An exact copy of every record below is needed, with the pictures left out.

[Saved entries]
+ + + + +

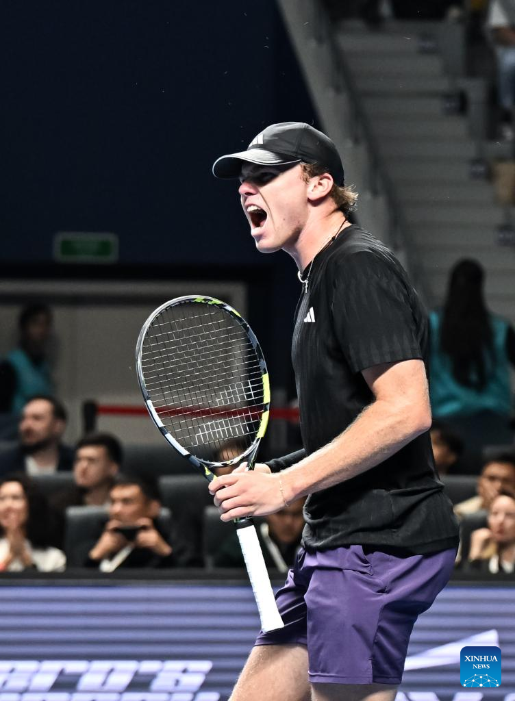 Alex Michelsen of the United States celebrates scoring during the men's singles semifinal match against Corentin Moutet of France at the ATP 250 Almaty Tennis Open in Almaty, Kazakhstan, on Oct. 18, 2025. (Xinhua/Li Renzi)
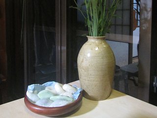 今日10月6日は中秋の名月。所用があり午後から藤枝の姉宅を往復して戻ると17時近くなり、辺りが何となく薄暗い。そこでカミサンから「ススキを採って来て!」と命令もヘルプともとれる言葉が発せられた。早々に裏のミカン畑の脇にあるススキを切りに向かったが、先日の草刈り後でまともにに穂を出しているススキが少ない。連日害獣被害の巡回をするルートだが、雰囲気は見ていても詳細には目が届いていなかった。何とか形になりそうなのを数本切って持ち帰る。写真は縁側の仮設テーブルにカミサンが生けたススキと萩やその他・・・。そして恒例の庵昇堂のへそ餅とチイチイ餅を備える。ただ今夜は曇天で全く月が見えないのが寂しい。早々に雨戸を締め、ススキと餅を眺めながら縁側から、雲の上のお月さんを頭の中に描く。まったく変わり映えのない光景だが、自然とそうなってしまうのは年のせいか…。
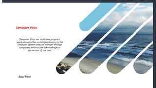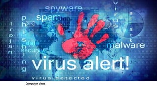 Computer viruses are malicious programs that can spread to computers without permission and disrupt normal functioning. They can corrupt files and make them unusable. It is important to have antivirus software installed like Avast or Kaspersky and to not open unknown or suspicious files. There are different types of viruses like boot sector viruses that infect startup areas and file infecting viruses that affect executable files. Always scan your computer if you receive suspicious files to check for and remove any viruses.
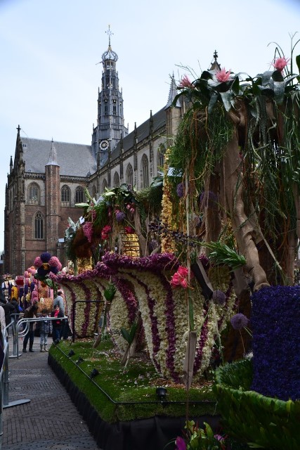 Оставив машину в крытом паркинге, мы еще успели прогуляться по вечернему Харлему как раз вдоль пути цветочной процессии.
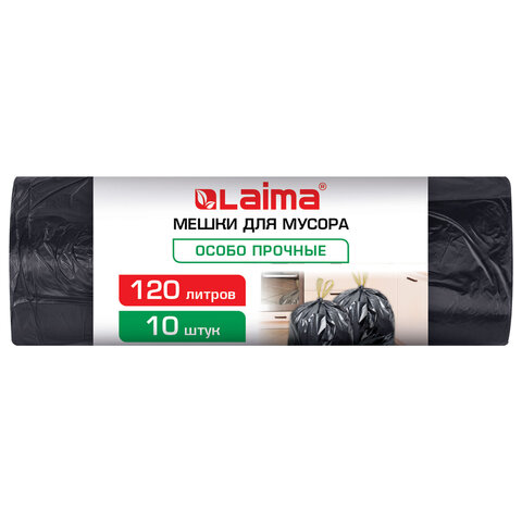 Мешки для мусора с завязками 120л черные в рулоне 10шт особо прочные ПВД 65мкм 70x95см, LAIMA, 702669

+ + + + +

# [Response]
 Alex Michelsen of the United States celebrates scoring during the men's singles semifinal match against Corentin Moutet of France at the ATP 250 Almaty Tennis Open in Almaty, Kazakhstan, on Oct. 18, 2025. (Xinhua/Li Renzi)
 今日10月6日は中秋の名月。所用があり午後から藤枝の姉宅を往復して戻ると17時近くなり、辺りが何となく薄暗い。そこでカミサンから「ススキを採って来て!」と命令もヘルプともとれる言葉が発せられた。早々に裏のミカン畑の脇にあるススキを切りに向かったが、先日の草刈り後でまともにに穂を出しているススキが少ない。連日害獣被害の巡回をするルートだが、雰囲気は見ていても詳細には目が届いていなかった。何とか形になりそうなのを数本切って持ち帰る。写真は縁側の仮設テーブルにカミサンが生けたススキと萩やその他・・・。そして恒例の庵昇堂のへそ餅とチイチイ餅を備える。ただ今夜は曇天で全く月が見えないのが寂しい。早々に雨戸を締め、ススキと餅を眺めながら縁側から、雲の上のお月さんを頭の中に描く。まったく変わり映えのない光景だが、自然とそうなってしまうのは年のせいか…。
 Computer viruses are malicious programs that can spread to computers without permission and disrupt normal functioning. They can corrupt files and make them unusable. It is important to have antivirus software installed like Avast or Kaspersky and to not open unknown or suspicious files. There are different types of viruses like boot sector viruses that infect startup areas and file infecting viruses that affect executable files. Always scan your computer if you receive suspicious files to check for and remove any viruses.
 Оставив машину в крытом паркинге, мы еще успели прогуляться по вечернему Харлему как раз вдоль пути цветочной процессии.
 Мешки для мусора с завязками 120л черные в рулоне 10шт особо прочные ПВД 65мкм 70x95см, LAIMA, 702669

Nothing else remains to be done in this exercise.